▸ **WHAT TO WORK ON**:
What is needed is a word-for-word copy of the listing below, without pictures.

▸ **SOURCE MATERIAL**:
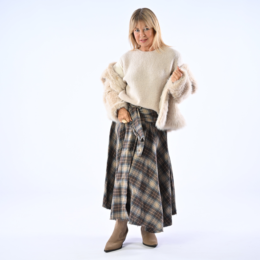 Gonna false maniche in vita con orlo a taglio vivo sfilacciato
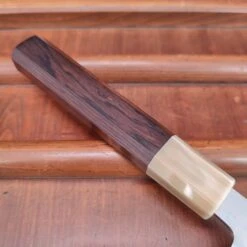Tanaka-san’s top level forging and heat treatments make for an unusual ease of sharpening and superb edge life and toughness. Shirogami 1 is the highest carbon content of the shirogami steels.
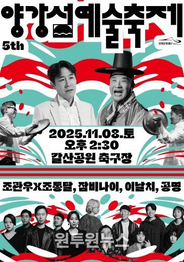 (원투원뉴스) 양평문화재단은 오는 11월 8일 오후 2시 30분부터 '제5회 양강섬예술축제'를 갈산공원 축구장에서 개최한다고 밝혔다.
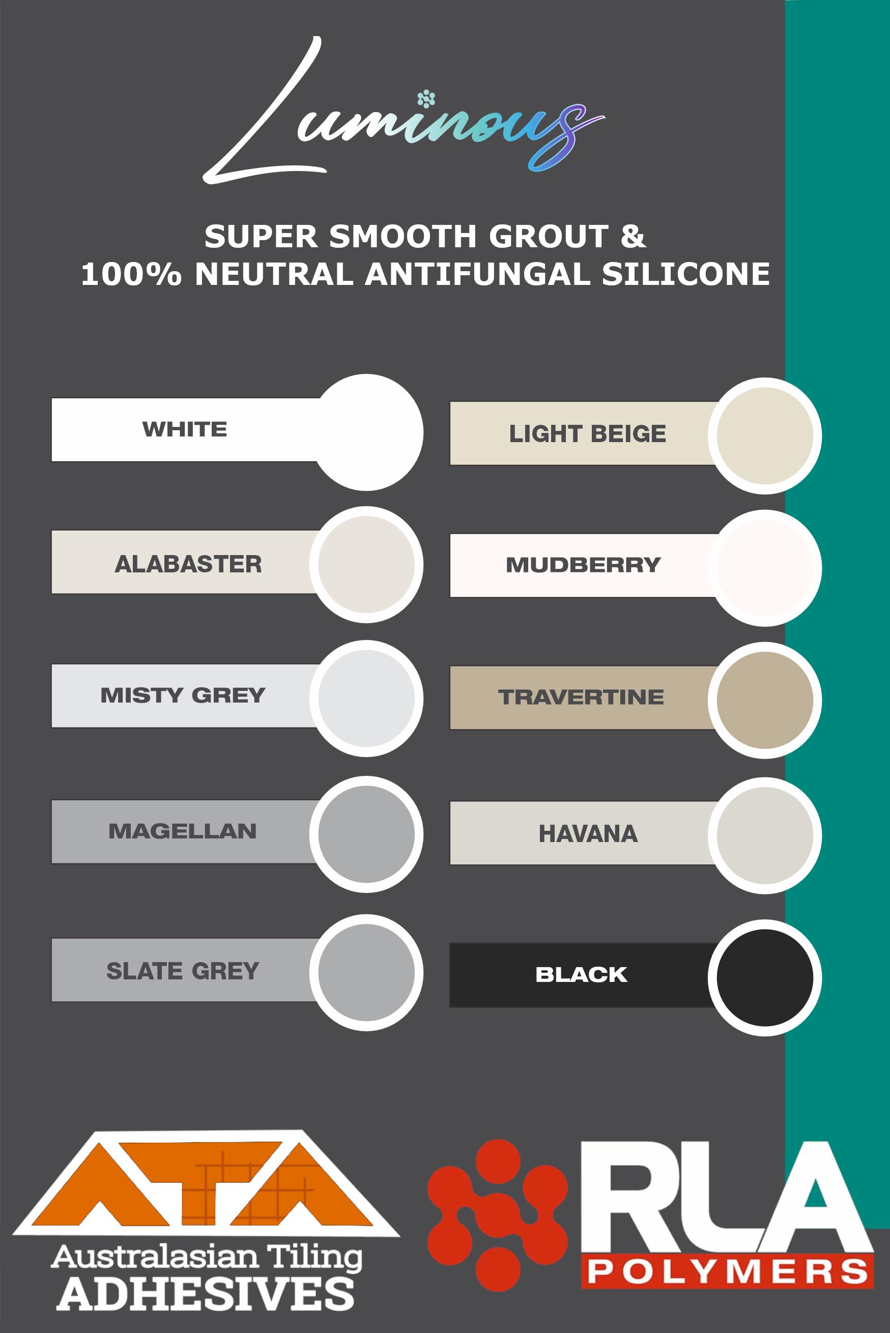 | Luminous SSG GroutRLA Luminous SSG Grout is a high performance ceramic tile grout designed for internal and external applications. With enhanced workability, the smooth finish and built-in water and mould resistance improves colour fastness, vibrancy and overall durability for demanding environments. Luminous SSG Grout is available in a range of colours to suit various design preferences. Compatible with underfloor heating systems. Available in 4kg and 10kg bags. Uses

▸ **EXPECTED ANSWER**:
 Gonna false maniche in vita con orlo a taglio vivo sfilacciato
Tanaka-san’s top level forging and heat treatments make for an unusual ease of sharpening and superb edge life and toughness. Shirogami 1 is the highest carbon content of the shirogami steels.
 (원투원뉴스) 양평문화재단은 오는 11월 8일 오후 2시 30분부터 '제5회 양강섬예술축제'를 갈산공원 축구장에서 개최한다고 밝혔다.
 | Luminous SSG GroutRLA Luminous SSG Grout is a high performance ceramic tile grout designed for internal and external applications. With enhanced workability, the smooth finish and built-in water and mould resistance improves colour fastness, vibrancy and overall durability for demanding environments. Luminous SSG Grout is available in a range of colours to suit various design preferences. Compatible with underfloor heating systems. Available in 4kg and 10kg bags. Uses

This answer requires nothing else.